In reality, not one river or stream in the area would remain untouched by all these plans, with devastating results.

‘Low to moderate’ impacts on birds and animals

Even taking into account only a small part of the actual damage that would be done by the Upper Drina hydropower scheme, even this study has to admit that some habitats would be destroyed by Buk Bijela, including those of the white-throated dipper and otter. But it assumes they can just move, as if there is an infinite amount of suitable habitat elsewhere for them.

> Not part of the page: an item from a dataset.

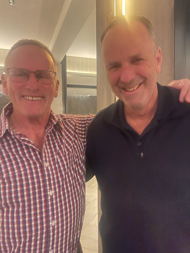 Here are the two Bills. Bill Bishop used to be Blossom Lady’s vet and we know him from that time (the 1990's) though not well. Bill's Dad and Mum knew Bill well and spent some time together. This next photo of the two Bills together. (This photo is for Bill's Mum Judy).

Similarly with the Danube Salmon, the study acknowledges that habitat fragmentation can lead to genetic changes in the population, but due to the length of the remaining river stretches, claims there should be no genetic depletion in this case – easy to say if their migration routes are not known and the tens of other planned dams are not included in the analysis.

Overall, the study follows the well-worn technique of pretending the project is much smaller than it is, to downplay the damage. Although it partly admits the problem is bigger in the section on cumulative impacts, for the rest of the study it assumes only one dam will be built. 

Even this one would be a disaster for the upper Drina. But the study follows many others before it with a fatal assumption that the affected species will simply adapt or move somewhere else. When will governments finally realise that this cannot happen indefinitely? The upper Drina is not replaceable, nor can it be fragmented into dozens of pieces with no negative impacts. 

It’s been done before and we’ll have to do it again: Buk Bijela must be stopped.